I live without a car, have to use trains, and current services are either lacking or overpriced. People without cars using trains and coaches are watching all other intercity options slowly whittle down while everyone else is excited by a shiny brand new investment project that won't move people before at the very least half a decade.

It would be an exciting project if there was a greater transit plan coming with it, like the revival or investment in regional lines. But sine it's "just" one line, in PPP, while everything else seems to be ignored, it's difficult to be enthusiastic about this.

[–] SaveTheTuaHawk@lemmy.ca -3 points 2 days ago (1 children)

Oh fuck off. Not even local GO trains run that frequently and are not reliable. What is the point of these mega projects when there is no decent public transit on either end?

This will piss away tens of millions in feasibility studies, get progressively less affordable and will just have governments kicking the ball down the road. I've been hearing about this in some form or another my entire life and I'm old AF.

[–] Rentlar@lemmy.ca 8 points 2 days ago* (last edited 2 days ago)

Not even local GO trains run that frequently

For whatever reason, GO operators have trouble envisioning a system that is useful for anything besides commuting. This is a entirely separate project.

when there is no decent public transit on either end?

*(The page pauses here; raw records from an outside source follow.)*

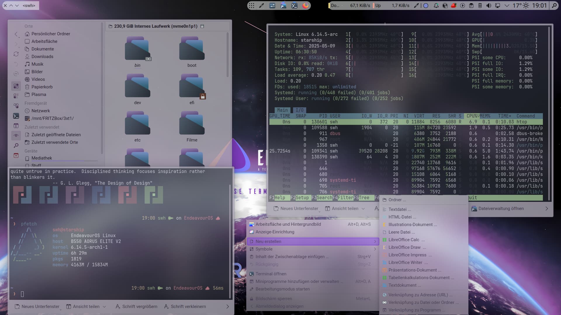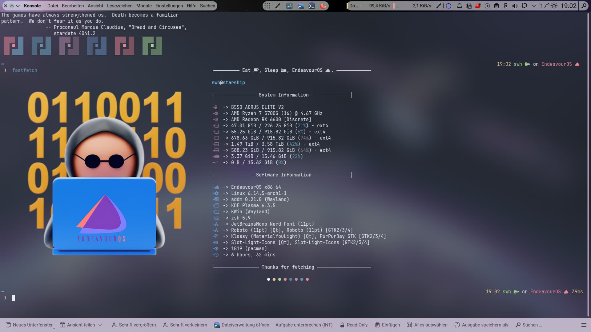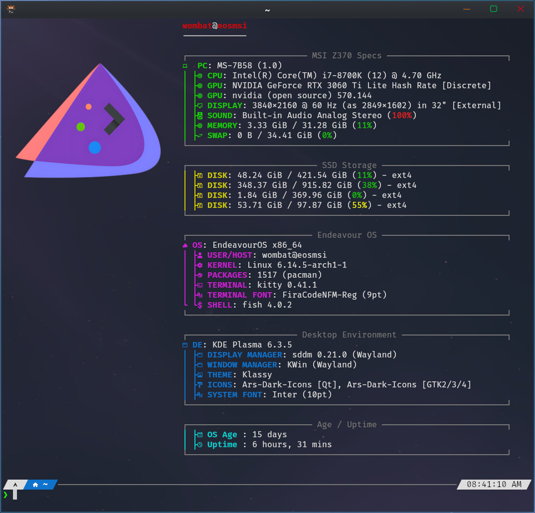 Well, I wanted to post my messed up desktop on debian, mostly for the changes to fastfetch and bash for displaying info (I then made the same changes on EOS too).
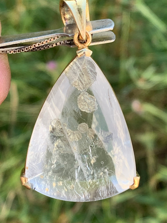 Cristal de roche/ Quartz Lodolite, quartz Chaman ou quartz jardin ! Pendentif en Argent, 36 mm de hauteur x 24 x 10 - 14,8 gr.. Vendu avec cordon réglable de couleur noire !
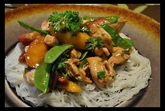 - Dans une grande poêle huilée, sur feu moyen-vif, faire dorer le poulet de 4 à 6 minutes. Ajouter les prunes et les nectarines. Remuer jusqu’à ce que les fruits commencent à ramollir, environ 2 minutes. Remuer la sauce et verser sur le poulet. Ajouter les pois et les oignons verts. Remuer jusqu’à ce que le poulet soit cuit et les pois tendres mais croustillants, environ 2 minutes.
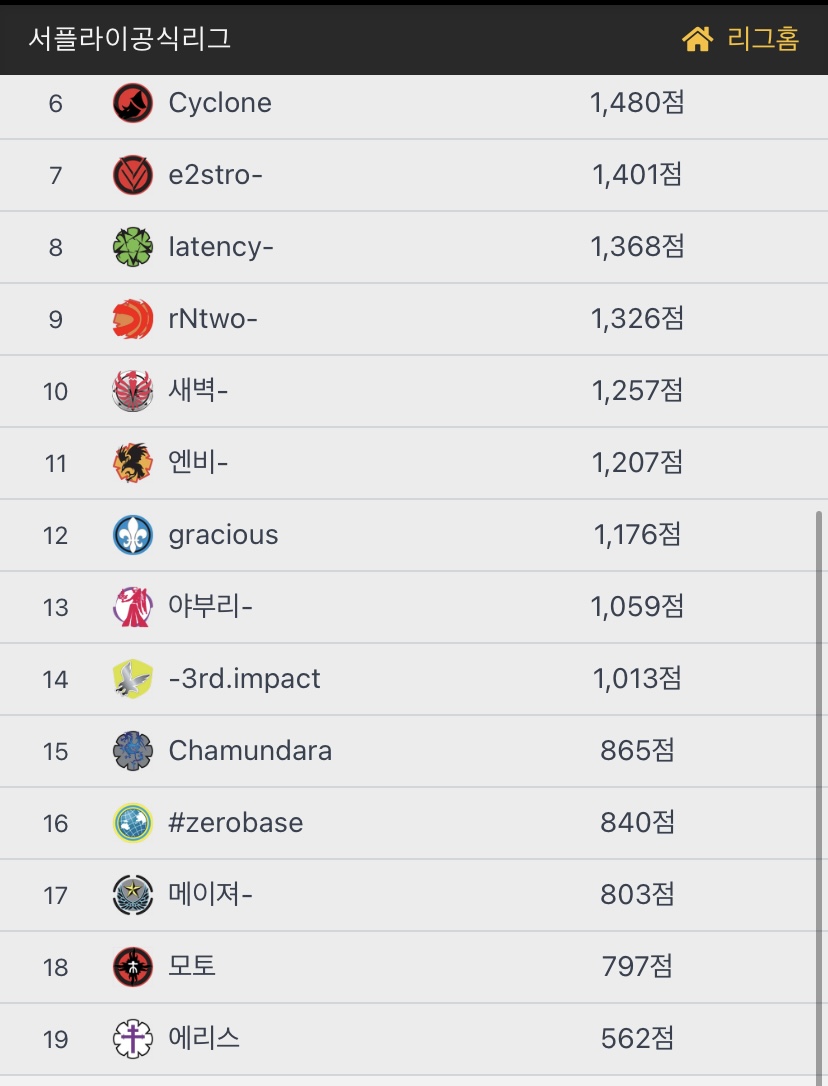 아이보리즈 / 에리스 / 플랜디 / 아이보리즈 / 에리스 이 순서로 바뀐거다 병신들아 결론은 아이보리즈가 에리스고 에리스가 아이보리즈다 십멍청이들아 그러고 리브가 7등 원래 파벳 이라는 클랜이였는데 그냥 등수 높은걸로 에리스 이사 간거야 리브가 클마고

What are you talking about? Ottawa's station is directly adjacent to Tremblay, Montréal's Laval will be Lucien-L'Allier or Gare Centrale and De La Concorde, all right on the Métro, Toronto's goes to Union or a future East Harbour station, Toronto's transit sucks for the city's size but there is genuine ongoing work, projects large and small to improve it.

This will piss away tens of millions in feasibility studies

The feasibility studies are already done, multiple times over, the current step is the Environmental Assessment and design which is a precursor to actually building the thing instead of thinking about it.

get progressively less affordable

That's always the price of waiting/delaying, it's always more expensive than announced, at minimum due to inflation but also loan interest, so suggesting to not even try will make a project more expensive if we start again from the pie in the sky stage (we're currently past that). And I think we need to swallow the pill of the full construction cost early, be it through public bonds or financing. We see from the example of California HSR that flying by the seat of their pants on funding has been a huge source of delay and budget ballooning.

governments kicking the ball down the road

I do worry about 2029 where even if construction does start, the next government underfunds or intentionally slow-walks construction, in order to manufacture justification to cancel the project.